Workplace Flexibility

In 1938, when the nation’s basic wage and hour law—the Fair Labor Standards Act (FLSA)—was enacted, the Depression-era workplace was characterized by:

  • a fixed beginning and end to both the workday and the workweek in most American workplaces;
  • with the exception of certain occupations (e.g., repairmen and truck drivers), the performance of the vast majority of work taking place in the workplace because of the lack of communications technology allowing the performance of jobs from remote locations;
  • a far more stratified and predictable designation of occupations, as compared to today’s workplaces where there is a greater blurring of distinctions and a more rapid evolution of job descriptions; and
  • a greater preponderance of manual labor because of the relative absence of technology and mechanization that transformed the way work is performed today.

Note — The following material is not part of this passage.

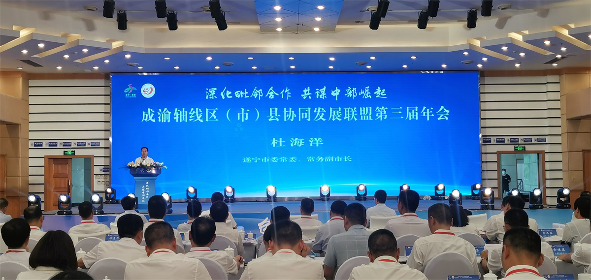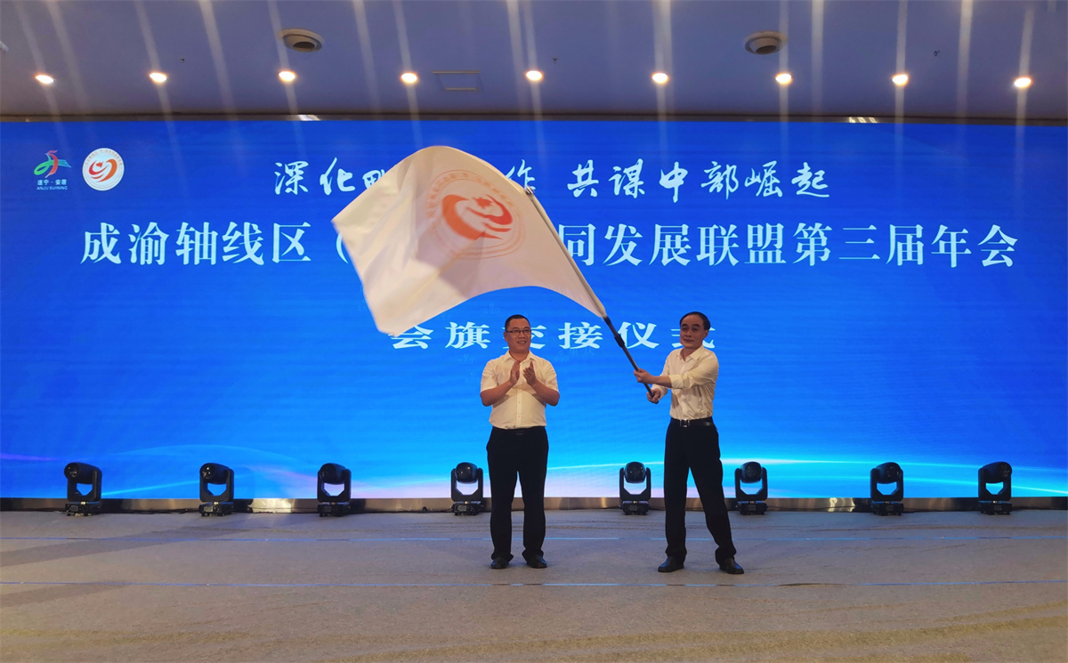 6月28日,成渝轴线区(市)县协同发展联盟第三届年会在遂宁市安居区举行。会议期间,遂宁安居区、重庆璧山区、资阳市安岳县等成渝轴线上14个区(市)县聚焦产业发展、基础设施、社会事业、环境保护4个领域深化合作,达成31项合作协议。

Today, the statute’s framework is out of synch with the modern workplace and the needs of employees for greater flexibility.  The dual purpose of the law is to provide a minimum wage (currently $7.25 per hour) and ensure that workers who are not otherwise exempt (i.e., “nonexempt”) are paid time-and-a-half overtime for hours worked in excess of forty in a given workweek.  The most common exemption is for “white collar” employees who must be paid a salary.  Unfortunately, these simple concepts have been translated into countless vague, inconsistent rules and exceptions that are increasingly out of step with the times.  Employers regularly deal with the following kinds of situations forced by the statute’s inflexibilities:

  • Work schedules are carefully designed to avoid overtime.  Thus, even if employees would prefer to work eight days in a row, with six days off in a row, the employer cannot afford such a schedule because it would involve at least two full days of overtime.
  • Because employers fear that FLSA violations will occur due to employees engaging in work that is not being tracked, they impose restrictions on the use of e-mail, Internet or social media outside of working hours.  Thus, nonexempt employees are discouraged or prohibited from checking emails off-hours due to the risk of not reporting their time worked.  In occupations such as off-site repair, where the use of Blackberries, iPhones or other personal digital assistants (PDAs) is essential, some employers require the employee to keep these at one of the employer’s locations after hours, picking it up and dropping it off there, regardless of the location of site visits.
  • The law creates disincentives toward engaging nonexempt employees in trouble-shooting and decision making because of overtime issues.  Thus, nonexempt employees may be routinely excluded from off-site meetings or trips that could be beneficial to both them and the company because of the administrative difficulty of determining what time is compensable and the actual cost, once determined.  In team situations where nonexempt employees are actively involved in deciding how the work is to be performed, the employer often has to discourage them—to the point of imposing discipline—from engaging in “after hours” discussions with their co-workers or engaging in any other work, such as writing a proposal for addressing a particular problem.  This caste system based on job classifications is increasingly out of sync with corporate cultures that depend on teamwork.  Further, the inability to participate in off-hours or off-site events stunts the career growth of nonexempt employees who lose the benefit of these activities.

Employers are being pressed by policymakers to offer more flexible workplaces for their employees with new mandates being considered.  Before imposing new regulations on America’s workplaces, policymakers should first consider the removal of barriers that exist under the FLSA.  The disconnect between the FLSA and the modern workplace will continue to grow if the law is left unchanged.  It will increase tensions among employers, employees, and regulators, with the only true beneficiary being the plaintiff’s bar.  Congressional attempts at incremental reforms stalled in the 1990s, leaving a bitter taste in many policymakers’ mouths and making them reluctant to make another attempt.  Yet the pressure will steadily increase, and it will become a problem that is increasingly more difficult to ignore.  HR Policy would encourage a dialogue among all stakeholders to seek an alternative approach that provides the basic wage and hour protections for employees who need them, without inhibiting the growth of flexible workplaces.